Network analysis also allows to synthesize a general description of the literature based on the search results obtained by several researchers; this is known as a citation network, and it facilitates the inspection of the relationships between several articles, as well as the measurement of their relative importance. 11
Similarly, estimating two simultaneous network structures using network analysis provides a novel way of dynamically comparing associations between variables and allows exploring different clinical hypotheses, even at different times (before and after an event or clinical intervention). For example, Di Blasi et al.12 evaluated two simultaneous networks of anxiety, depression, stress, and fear of COVID-19 at two different times: during (April 7-24, 2020) and after (May 18-31, 2020) one of the mandatory lockdowns decreed in Italy. In turn, Fried et al.13 published another study that evaluated simultaneous networks before and after covariate control, including biochemical (inflammatory markers), anthropometric, and psychological measures to specify those variables with the greatest causal influence on the network. Moreover, the use of other clinical measures such as neuropsychiatric, 14 neuroanatomic, 15 and genomic measurements, 16,17 as well as the inclusion of risk and protection factors, has been reported in network analyzes. 18
Currently, the study of multiple clinical entities related to the negative impact of the COVID-19 pandemic, such as fear, anguish and stress, has been promoted, 12,19 and two articles using network analysis in this context were published in South America in 2021. 19,20 However, more dissemination and training on this approach are urgently required to promote its widespread use in health science research.
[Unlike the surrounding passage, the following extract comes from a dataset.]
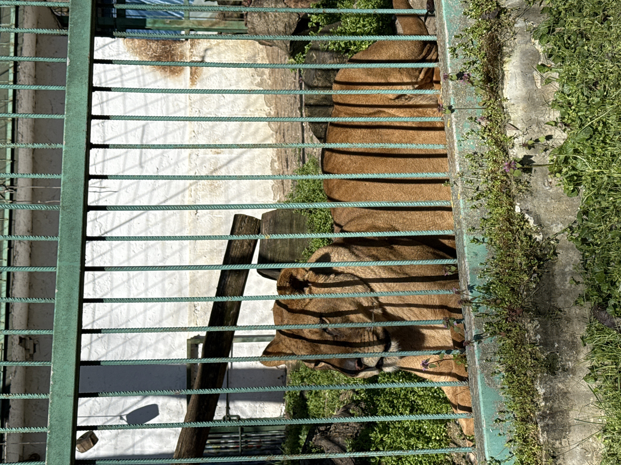 A lion is viewed through the bars of its enclosure. The enclosure features green metal bars and a white concrete wall. Plants grow along the perimeter of the enclosure. The location is Razgrad, Bulgaria.

Network analysis also allows the assessment of dynamic changes through a network of directed relationships over time. This approach was used by Martin-Brufau et al. 21 to assess longitudinally (two weeks) the dynamics of the emotional states of 187 participants during the first COVID-19 quarantine in Spain.
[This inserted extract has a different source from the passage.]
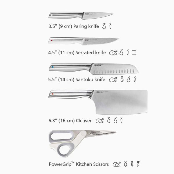 Complete 5-Piece Set: Includes 3.5" (9 cm) paring knife, 4.5" (11 cm) serrated knife, 5.5" (14 cm) Santoku knife, 6.3" (16 cm) cleaver, and PowerGrip kitchen scissors.

Below, we present an example of a network analysis based on data obtained by Ramos-Vera et at. 22 in a study that involved a network analysis of depressive symptoms in 2 915 Peruvian adults diagnosed with hypertension who responded to the Patient Health Questionnaire-9 (PHQ-9). There, using a network clustering algorithm, system variables were labeled with specific colors that refer to an underlying causal structure (items with stronger relationships) and represent two factors of depressive symptoms: somatic and cognitive-affective Figure 1.
In conclusion, network analysis offers a valuable methodological and practical contribution to medical research by allowing clinicians to interpret and analyze information derived from their research, which is reflected in comprehensive care; in other words, this approach allows for a concrete intervention based on the results obtained through the analysis of complex model systems.23 Furthermore, the latter models provide a better explanation of how various health conditions function when they are impacted by multiple diseases and situations, such as the COVID-19 pandemic, as well as the etiological mechanisms that interact with each other.